━━━ Data for analysis

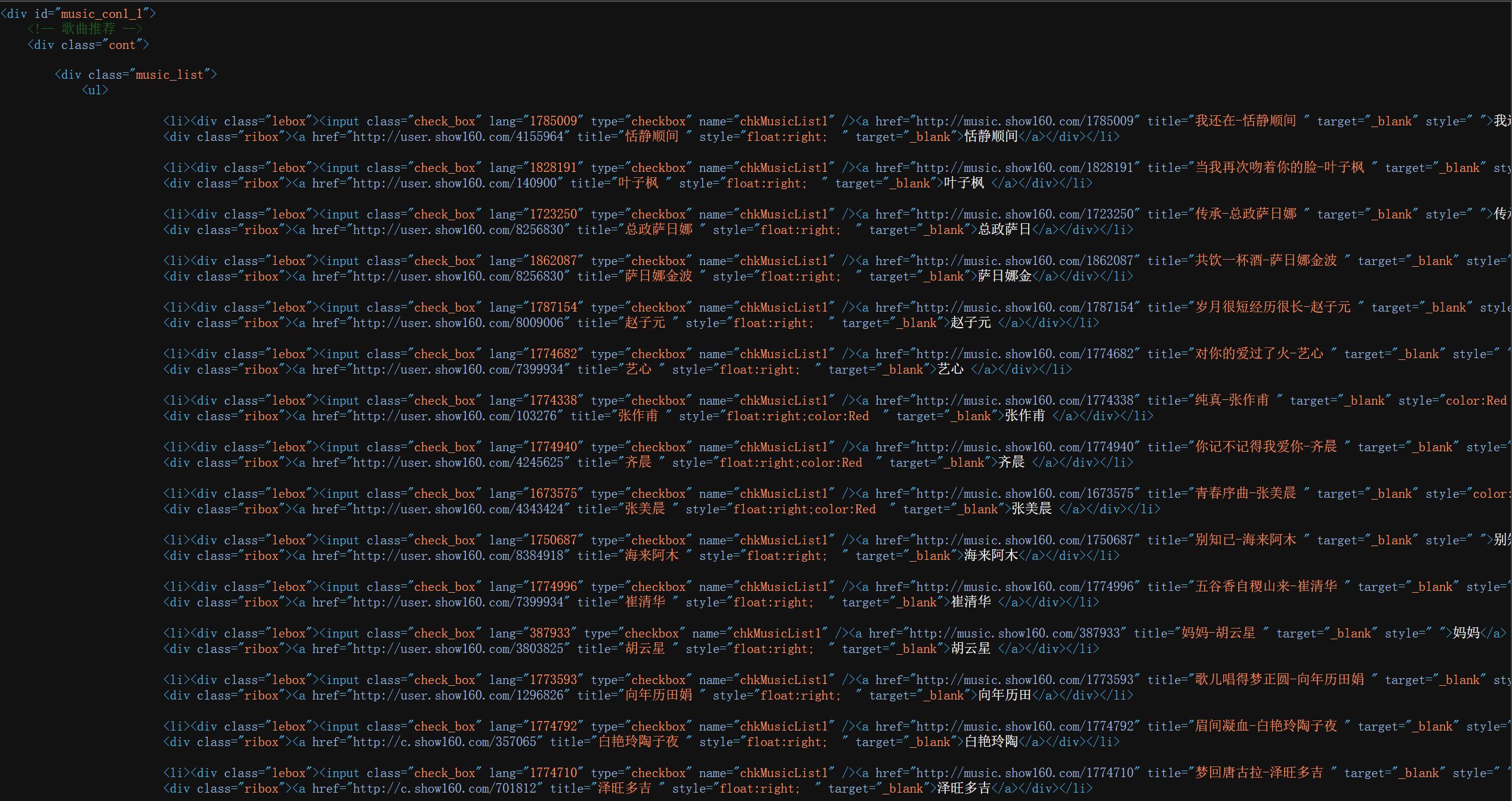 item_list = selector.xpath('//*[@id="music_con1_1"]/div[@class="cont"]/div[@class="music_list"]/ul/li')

━━━━━━
━━━ Data for analysis

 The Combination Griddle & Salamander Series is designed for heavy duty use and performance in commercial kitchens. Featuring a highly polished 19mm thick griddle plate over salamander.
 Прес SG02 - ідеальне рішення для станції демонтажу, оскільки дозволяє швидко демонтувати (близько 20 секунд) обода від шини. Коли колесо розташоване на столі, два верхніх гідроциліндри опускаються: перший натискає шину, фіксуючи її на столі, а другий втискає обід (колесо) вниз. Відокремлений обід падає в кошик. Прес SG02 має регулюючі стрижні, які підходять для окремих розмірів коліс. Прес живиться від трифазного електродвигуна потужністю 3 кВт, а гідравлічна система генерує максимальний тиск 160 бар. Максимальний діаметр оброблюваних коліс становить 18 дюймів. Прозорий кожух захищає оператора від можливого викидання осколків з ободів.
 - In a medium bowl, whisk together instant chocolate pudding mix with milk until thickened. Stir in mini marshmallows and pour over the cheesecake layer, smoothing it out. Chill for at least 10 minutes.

━━━━━━
━━━ Data for analysis

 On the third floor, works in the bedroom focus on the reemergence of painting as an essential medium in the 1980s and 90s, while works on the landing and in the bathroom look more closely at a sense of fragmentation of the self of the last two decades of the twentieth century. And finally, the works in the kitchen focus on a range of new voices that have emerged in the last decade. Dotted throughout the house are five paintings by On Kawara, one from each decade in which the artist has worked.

━━━━━━

*Your assignment:*
In how many lines above does the word "over" appear? Answer with only the number.

*Result below:*
2